Dueling: Standard Movement

Situation came up last night: PC is dueling and has a Complication come up - Constricted (from Core) - so, is in a disadvantageous position now in the fight. PC wanted to maneuver such that the Complication could be removed.

Played it out that the PC would enter a contest to move since, naturally, the enemy always gets a vote and would like to keep the Trait applied. PC won, spun out of the position, removed Trait, and re-engaged.

However, wondering if ruling a Contest was overkill and whether a standard move is all that was needed. Not wanting to take agency away from the player.
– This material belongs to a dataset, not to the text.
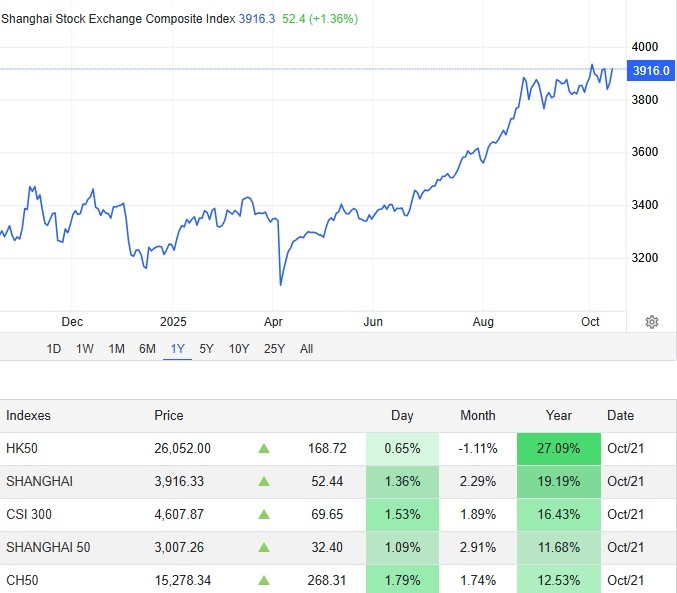 Китайский индекс Shanghai Composite вырос на 1,41%, закрывшись на отметке 3918, Shenzhen Component поднялся на 2,06%, достигнув 13 077 пунктов. Отметим, что индексы материкового Китая растут вторую сессию подряд. Mind Money: «Напомним, Дональд Трамп заявил, что рассчитывает на заключение справедливого торгового соглашения с председателем КНР Си Цзиньпином в Южной Корее в конце этого месяца. Но прежде – на этой неделе - проблемные вопросы обсудят представители обеих стран в Малайзии». Кстати, акции Foxconn Industrial подскочили на 9,6% после того, как Apple объявила о высоких продажах iPhone 17 как в США, так и в Китае.
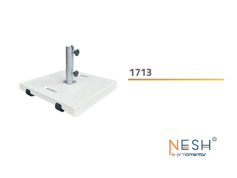Base de chapéu quadrada, em betão natural branco, com 2 rodas, com acabamento liso.

Question(s): assuming a PC can use a standard move to move away, even out, of conflict, is this a Contest or a simple Move action?

Follow-on: What is the impact on Personal Zones? My thought was (and, Movement rules imply, at least to me) that it would be a one zone movement and Asset positions would therefore shift one zone as well, e.g. if a crysknife was in Target Zone, it was now shifted to Guard Zone and would need a subsequent move to re-enter Target.

Granted, I recognize that movement might not always need to be away from combat, i.e. a PC could shift positioning, I suppose without moving any farther away from the enemy and not incur the one zone shift (although, I may be overthinking it).

Sounds like that worked out ok.
The simplest way to use a complication is just as a negative trait,
so it either restricts actions or imposes a difficulty penalty.
But the GM is free to apply them in different ways if they think it warranted so you are within the rules.

In a duel, moving away would probably constitute surrender or yielding. While the zones are static it is assumed they are simply the relative positions of the combatants, who are moving all the time. Moving the assets represents some of that movement as they close in or retreat.

So a PC could leave a duel but that would probably mean its over. Otherwise their movement is already considered part of what is going on. As such it wouldn’t change the zones as they are either still engaged with the opponent or not. While they might be keeping the opponent at a distance, they’d still be using the same zones. Those zones could get larger or smaller, but they’d still work the same way.

Understand.

Constricted was definitely a difficulty penalty and I thought I was being clever in giving the PC an active way to remove it (vs. just making it a one or more round malus).

To your point about a move constituting a surrender, I was also entertaining the thought that I may have needed the Skirmish rules rather than Dueling since the name implies a more formal affair akin to Paul and Jamis (than say a hit-and-run ambush).

Appreciate the clarification on Zones. Will file that one.

Yup, the duelling conflict is designed for a one on one where you want to do something more blow by blow.
For a street fight or the like Skirmish is the one you want.

A follow-up here for confirmation: in Dune 2d20 re: NPCs, there is no mechanical distinction in number of dice rolled by Major, Notable, and Minor NPCs, they are all given a base 2d20 to roll in contests? Or, do Minor NPCs get 1d20?

I’m thinking here of the mechanical differences by NPC type, e.g. Nemeses, Elites, and Troopers or Nemeses, Toughened, and Minions in Infinity and Conan respectively.